Thread (27 messages) 27 messages, 6 authors, 2011-09-27

Re: [PATCH 0/8] idle page tracking / working set estimation

From: Michel Lespinasse <hidden>
Date: 2011-09-23 01:23:33
Also in: lkml

On Thu, Sep 22, 2011 at 4:13 PM, Andrew Morton [off-list ref] wrote:
On Fri, 16 Sep 2011 20:39:05 -0700
Michel Lespinasse [off-list ref] wrote:
quoted
Please comment on the following patches (which are against the v3.0 kernel).
We are using these to collect memory utilization statistics for each cgroup
accross many machines, and optimize job placement accordingly.
Please consider updating /proc/kpageflags with the three new page
flags.  If "yes": update.  If "no": explain/justify.
The PG_stale flag should probably be exported that way. I'll make sure
to add this, thanks for the suggestion!

I am not sure about PG_young and PG_idle since they indicate young
bits have been cleared in PTE(s) pointing to the page since the last
page_referenced() call. This seems rather internal - we don't export
PTE young bits in kpageflags currently, nor do we export anything that
would depend on when page_referenced() was last called.
Which prompts the obvious: the whole feature could have been mostly
implemented in userspace, using kpageflags.  Some additional kernel
support would presumably be needed, but I'm not sure how much.

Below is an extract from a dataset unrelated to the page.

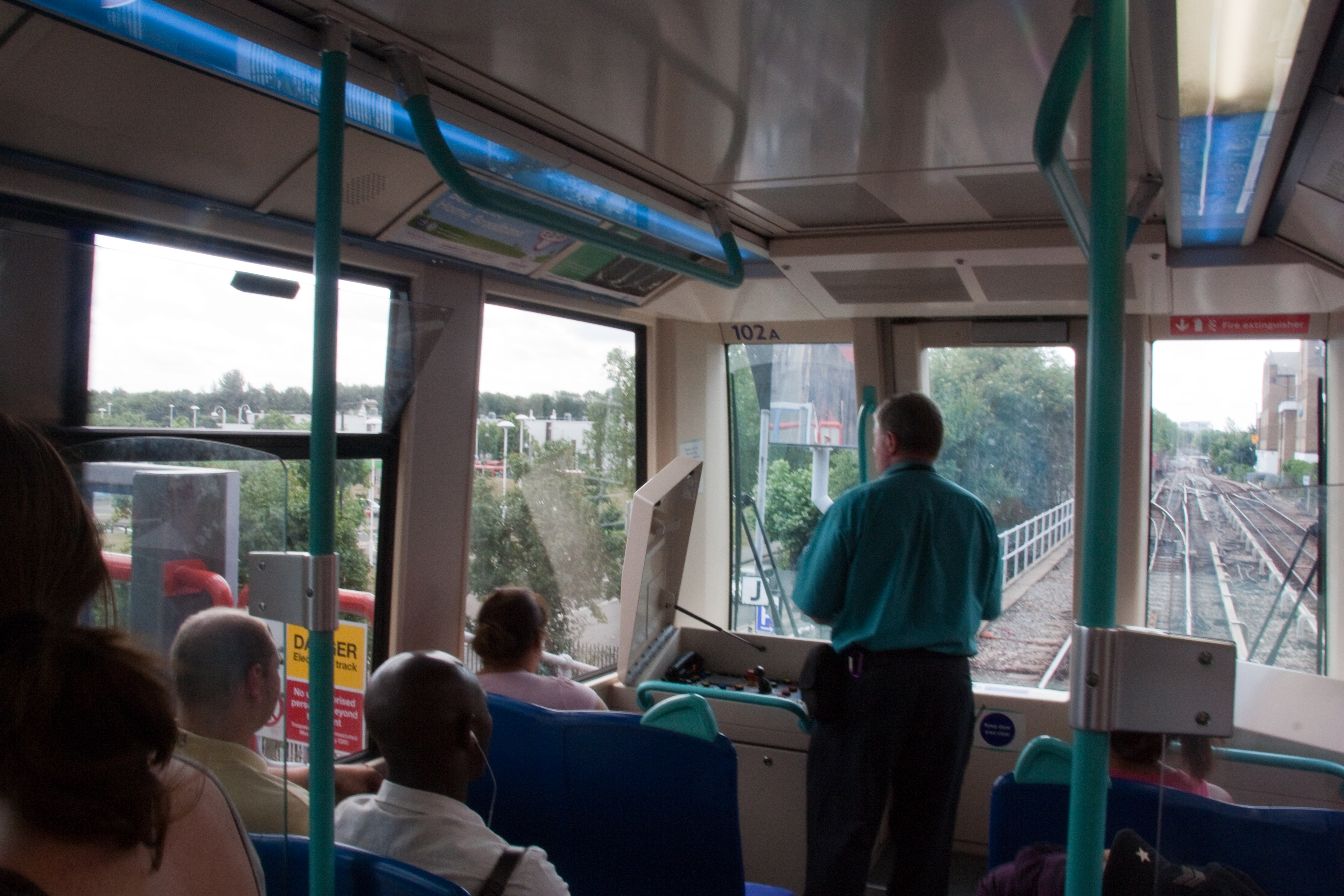 Passenegr service agent operating DLR unit 102 manually.

If you haven't already done so, please sketch down what that
infrastructure would look like and have a think about which approach is
preferable?
kpageflags does not currently do a page_referenced() call to export
PTE young flags. For a userspace approach, we would have to add that.
Also we would want to actually clear the PTE young bits so that the
page doesn't show up as young again on the next kpageflags read - and,
we wouldn't want to affect the normal LRU algorithms while doing this,
so we'd end up introducing the same PG_young and PG_idle flags. The
next issue would be to find out which cgroup an idle page belongs to -
this could be done by adding a new kpagecgroup file, I suppose. Given
the above, we'd have the necessary components for a userspace approach
- but, the only part that we would really be able to remove from the
kernel side is the loop that scans physical pages and tallies the idle
ones into a per-cgroup count.
What bugs me a bit about the proposal is its cgroups-centricity.  The
question "how much memory is my application really using" comes up
again and again.  It predates cgroups.  One way to answer that question
is to force a massive amount of swapout on the entire machine, then let
the system recover and take a look at your app's RSS two minutes later.
This is very lame.

It's a legitimate requirement, and the kstaled infrastructure puts a
lot of things in place to answer it well.  But as far as I can tell it
doesn't quite get over the line.  Then again, maybe it _does_ get
there: put the application into a memcg all of its own, just for
instrumentation purposes and then use kstaled to monitor it?
Yes, this is what I would recomment in this situation - create a
memory cgroup to move the application in, and see what kstaled
reports.
<later> OK, I'm surprised to discover that kstaled is doing a physical
scan and not a virtual one.  I assume it works, but I don't know why.
But it makes the above requirement harder, methinks.
The reason for the physical scan is that a virtual scan would have
some limitations:
- it would only report memory that's virtually mapped - we do want
file pages to be classified as idle or not, regardless of how the file
gets accessed
- it may not work well with jobs that involve short lived processes.
How does all this code get along with hugepages, btw?
They should get along now that Andreas updated get_page and
get_page_unless_zero to avoid the race with THP tail page splitting.

However, you're reminding me that I forgot to include the patch that
would make the accounting correct when we encounter a THP page (we
want to report the entire page as idle rather than just the first 4K,
and increment pfn appropriately for the page size)...

-- 
Michel "Walken" Lespinasse
A program is never fully debugged until the last user dies.